Client Onboarding

Where accountancy firms go wrong with client onboarding 

First impressions count and often have a lasting impact on the client relationship. Attracting and securing clients is also a costly job. Simon Leek, Founder of FibreCRM talks about how tech can benefit client onboarding

According to a previous report by Invesp, they estimate that it costs five times as much to attract a customer as to keep an existing one. With such a significant investment, firms cannot afford to fail at the first hurdle when it comes to the onboarding process, and yet, by their anecdotal admissions, this is an area that many firms struggle with.

Whether it is drawing up an effective initial proposal or completing the various compliance steps, such as Know Your Client (KYC) and Anti-Money Laundering (AML) procedures, many firms find onboarding difficult.

Simon Leek
Founder
FibreCRM

Why is client onboarding challenging?

Realistically, the process of onboarding isn’t itself complex, it is more the draw on resources and time that is required to successfully start work with a client.

Not only does it require firms to prepare documents for each new client, but they must also draw out the information from the client directly and later publish it to the practice management software to complete many essential onboarding tasks.

This often effectively results in double or triple data entry, as information is transferred from one place to another.

Not only is this laborious and inefficient, but it can create additional data security risks as well.

Although many of these tasks are often handled by administrators within a firm or more junior professionals, they must have continued oversight from managers and partners.

This often pulls them away from existing client work, creating frustration and inefficiency, while sometimes testing the patience of experts, who could otherwise be performing billable work or securing new clients.

Ultimately then, inefficient onboarding creates a pinch point within many firms that restricts their capacity and limits their growth.

How can technology assist firms with onboarding? 

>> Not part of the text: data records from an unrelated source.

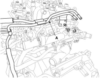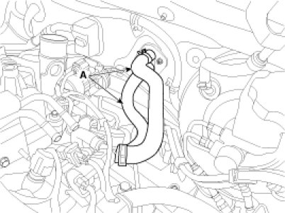 18. Connect the throttle body coolant hoses (A) and the oil cooler coolant hoses (A).
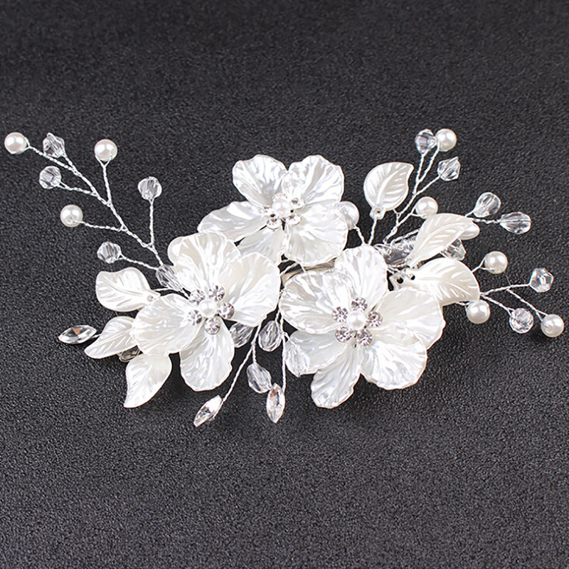 신부 웨딩 수제 크리스탈 꽃잎 진주 땋은 머리핀 머리 빗 머리 장식 웨딩 액세서리 로맨틱스토어 가기
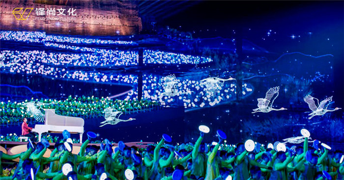 【英国上市公司365】视频设计团队在内容元素设计上紧紧抓住整台晚会的创作主题,分别选取了九曲黄河、丰收的麦田、以及具有浓厚中原文化的历史性符号,影像风格以写实主义为主基调。在此基础上他们大胆运用强烈的对比色彩、大块面的构图技巧,并借助现场通透的LED网幕与20000多名演员有机结合,时而波澜壮阔、时而浪漫恬静、时而激情澎湃,给全国观众带来一场精彩绝伦的视觉盛宴。
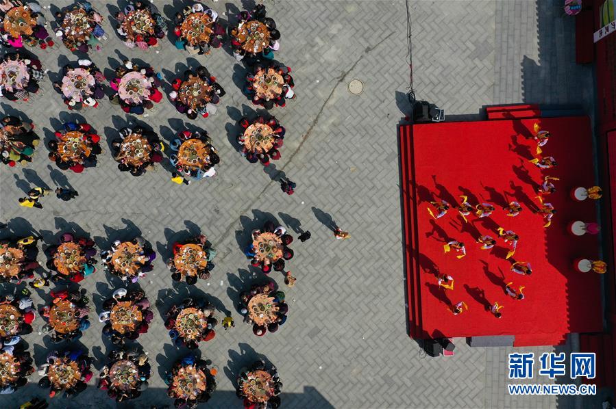 11月2日,南京仙林街道仙林新村社区居民腰鼓队在千家宴上表演助兴(无人机拍摄)。 新华社记者 季春鹏 摄
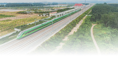 10月22日,動(dòng)車(chē)從中老鐵路橄欖壩站駛出(無(wú)人機(jī)照片)。
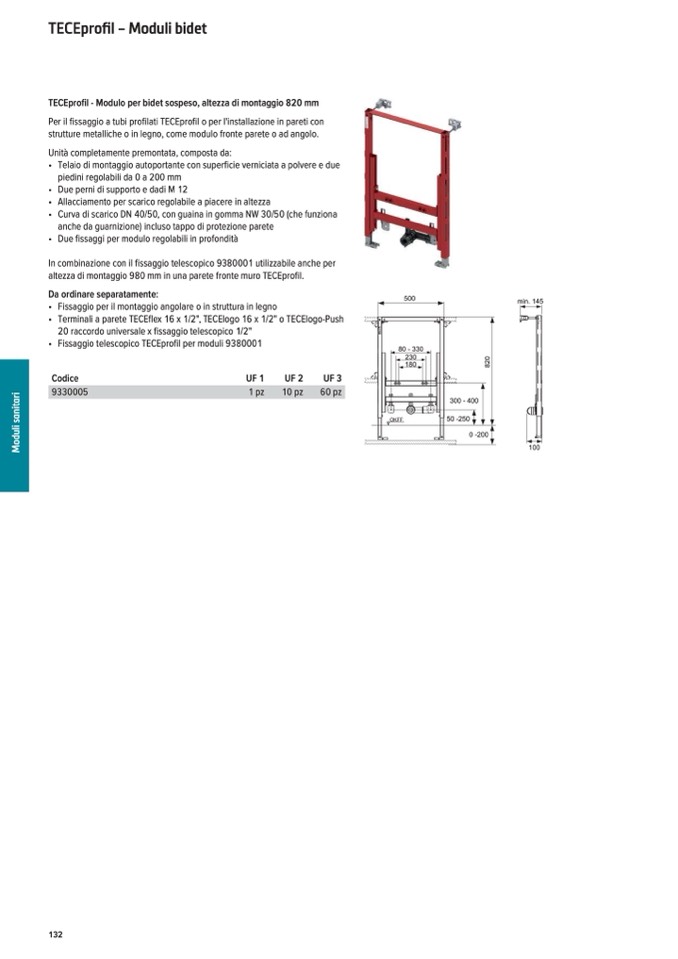 • Fissaggio telescopico TECEprofil per moduli 9380001
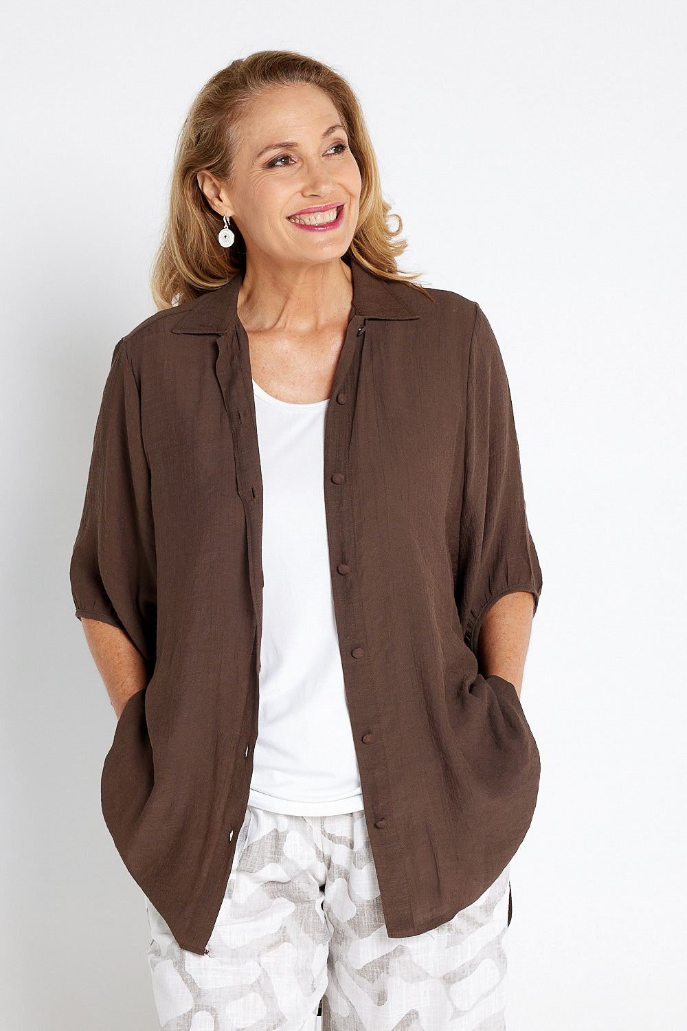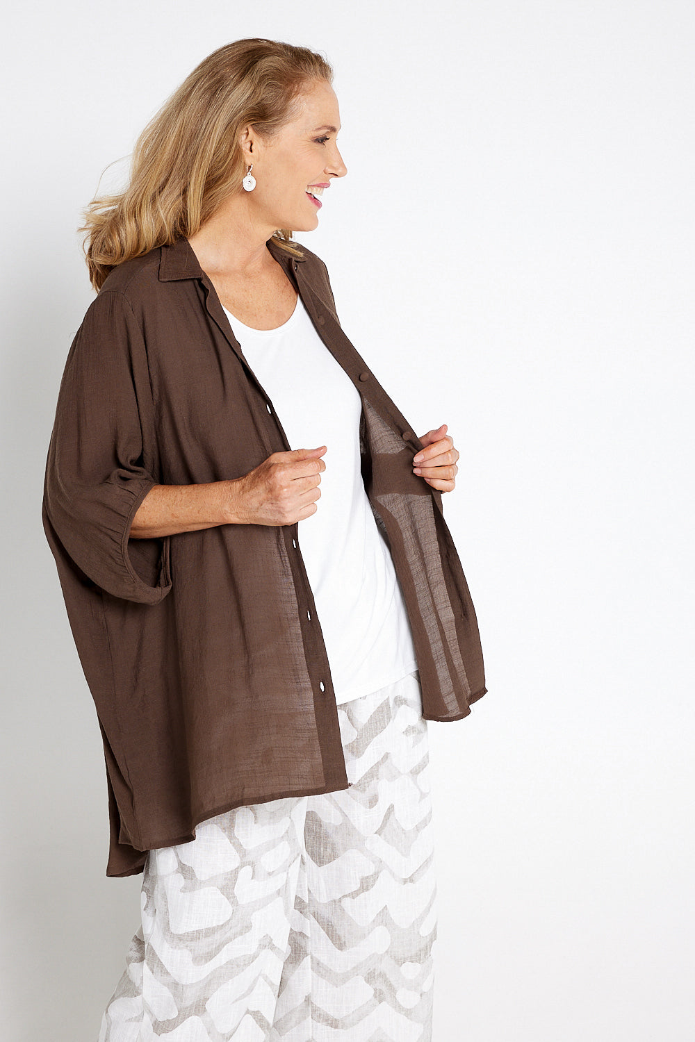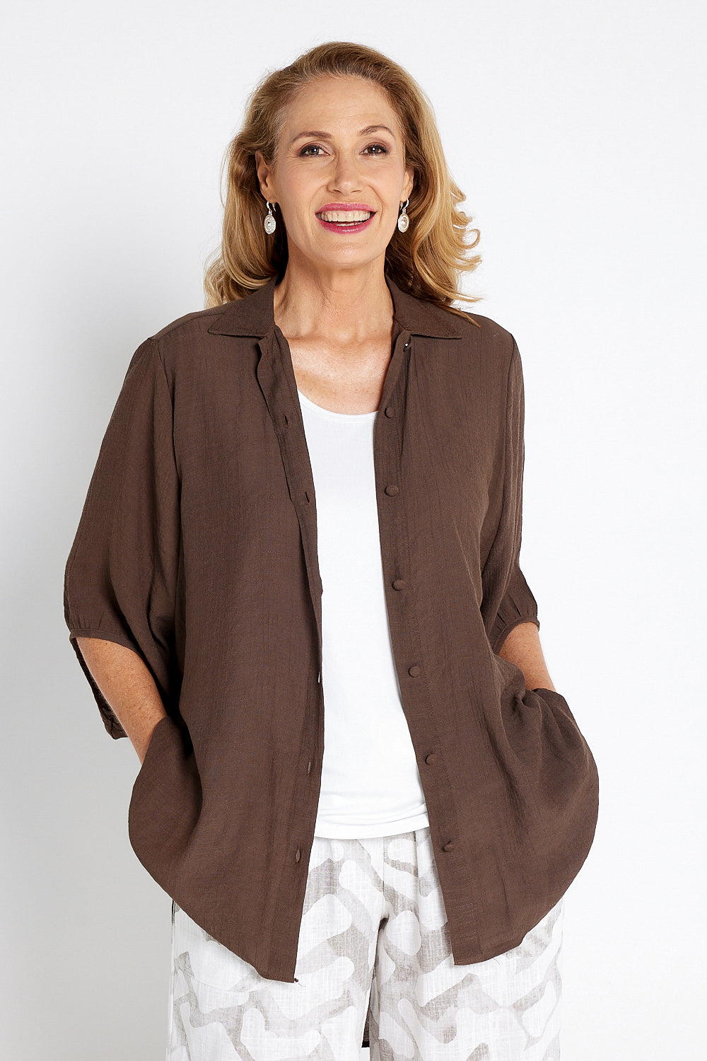 A long time essential from Cotton Village, the Comfort Shirt is such a handy basic. Now available in brown, this is one of the most on trend colours at the moment, but is also always a great neutral to have on hand.

Existing practice management software has its limitations, and while there are often integrations that work with other platforms and content providers, there often is not a single streamlined service.

This has been the basis for the innovations that we have created as a business. We believe in a single solution, not a patchwork collection of disjointed apps and programmes, some of which do and don’t integrate with one another.

This approach is confusing and often complicates what should be a simple process. With the power of the cloud and the various APIs that exist, there is now a much easier, straightforward approach that firms can take.

Using solutions like our own, it is possible to handle every stage of onboarding from creating a proposal document that automatically pulls in key information from practice management software, to drawing up and templating critical processes, such as KYC, AML and e-signing.

What’s more, this then feeds back into wider CRM solutions opening up even greater opportunities to upsell, cross-sell and improve the client relationship once it is established.

We have seen first-hand from a number of firms in the UK, US and Canada how technology, such as our own, can more than halve the time it takes to onboard a new client.

This has freed up valuable time so that our clients can take on more of their own clients without needing more staff while creating interactions that are modern and digitally astute.

Future-ready

The expectations of clients have changed considerably in the last few years, and inevitably, as part of this, they expect accountancy firms to be more switched on and active when it comes to technology.

While once firms may have been concerned about the loss of the ‘personal touch’, many practices and professionals better appreciate the efficiencies that automation delivers.

While many have already seen and are employing the benefits of practical, online accounting software to save them time with client compliance, fewer are yet to invest in, and experience, the ways that technology can help with other functions in their practice.

Onboarding is one area where the use of carefully integrated technology can alleviate the strain of running and growing a practice.

The management of these processes is becoming all the more critical in an age where the profession is struggling to recruit new staff to fulfil many of these essential, but time-consuming, practice management tasks.